Karl Eller

By April Bourie

‘Consummate Team Player & Tremendous Leader’

“Integrity Is All You’ve Got” is the title of the book Karl Eller wrote about his life as a businessman. Eller, who passed away March 10, is remembered as a man with integrity – and so much more.

“Karl was a great partner and team player,” said UA President Robert Robbins. “There was no ‘I’ in Karl Eller. He was the ultimate consummate team player and a tremendous leader – and people followed him.”  

Eller’s love affair with the University of Arizona began at the age of 9 when he moved with his mother and older sister to a house across from Arizona Stadium. After serving in the Army, he attended the UA, majoring in business and playing on the football team. On campus he met his wife, Stevie, and made lifelong friends. 

His time at the university made a big impression on him. “Karl saw the U of A as his portal to the world,” said John-Paul “JP” Roczniak, president and CEO of the UA Foundation. “It was the place that gave him the opportunity to achieve success – and he never forgot that.” Eller graduated in 1952.

In 1961, Eller was living in Chicago and working for an advertising agency when he got a call from a former boss at a national billboard company. He offered to sell Eller a portion of the company’s business for $5 million – which Eller didn’t have and which was due in 90 days. He called every friend, relative and business contact he had to find investors.

After getting the funds he needed, he moved his family to Phoenix and opened Eller Outdoor Advertising.
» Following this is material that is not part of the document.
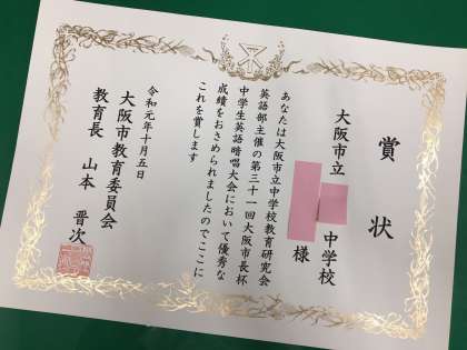 出場者25名中、見事!大阪市教育長賞を受賞しました。また市長賞の生徒と2人、代表として、10月19日(土)鶴見区民センターで行われる第28回大阪市立中学校総合文化祭の英語部暗唱に出場します。本当によく頑張りました。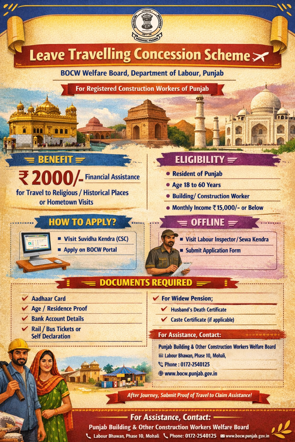 The “Leave Travelling Concession Scheme” by the BOCW Welfare Board, Department of Labour, Punjab, is a welfare scheme for the registered workers of the board. Under this scheme, the Board will provide a certain amount as leave travel concession to the registered construction workers for journeys to religious/ historical places in India or visiting their hometown.

Adding television and radio stations to the company, he changed its name to Combined Media before selling it to Gannett in 1979. 

“When Karl had the chance to start the business, he had a hard time writing a business plan,” said Roczniak. “He decided, when he had a chance to do something, he would start an entrepreneurship program, so students would know what to do when they start their own businesses.” 

Eller then took the position as CEO of Circle K and grew the company to nearly five times the number of stores as when he started. This growth could not be sustained, however, and Circle K filed for bankruptcy protection in 1990. Eller was nearly bankrupt himself, but instead of filing for bankruptcy, he contacted each entity he was indebted to and negotiated more time to pay. “He kept honest on his gift commitment even during his downturn at Circle K,” said Roczniak. “That was inspiring to others.”

Two years after leaving Circle K, he was able to find enough investors for a new venture – Eller Media – which became the largest outdoor billboard business in the nation. He sold it to Clear Channel Communications in 1997 for $1.15 billion. 

His professional life included many highs and lows, but he always remembered the UA. He and Stevie donated millions of dollars to university programs, and his dream of starting an entrepreneurship program came to fruition in 1984 when he was able to fund the McGuire Center for Entrepreneurship. 

The business school changed its name to the Eller College of Management, but that wasn’t the point, according to Roczniak. “It wasn’t about having his name on anything. He was always about the students and making sure that every kid had the same opportunities he had.”

He also gave of his time to the college and was able to get other business professionals involved. “He was a key to getting successful business people from all over the country to interact with students,” said former president and CEO of the UA Foundation Richard “Dick” Imwalle. 

“If a university can get the trifecta in a donor – time, treasure and talent – that’s the best,” said Robbins. “With most people, that would be 1+1+1 = 3. However, with Karl it was 1+1+1 = 6. It was amplified because of the sheer man that he was due to the intangibles of his character, his personality and his incredible loyalty.”

Among his many awards and honors, Eller was named a Father of the Year by the Father’s Day Council Tucson in 2001.

Roczniak added, “What made Karl special was that he always made people around him better. Everything he did at the UA was always about making students, professors and programs better. The U of A without Karl and Karl without the U of A is hard to imagine.”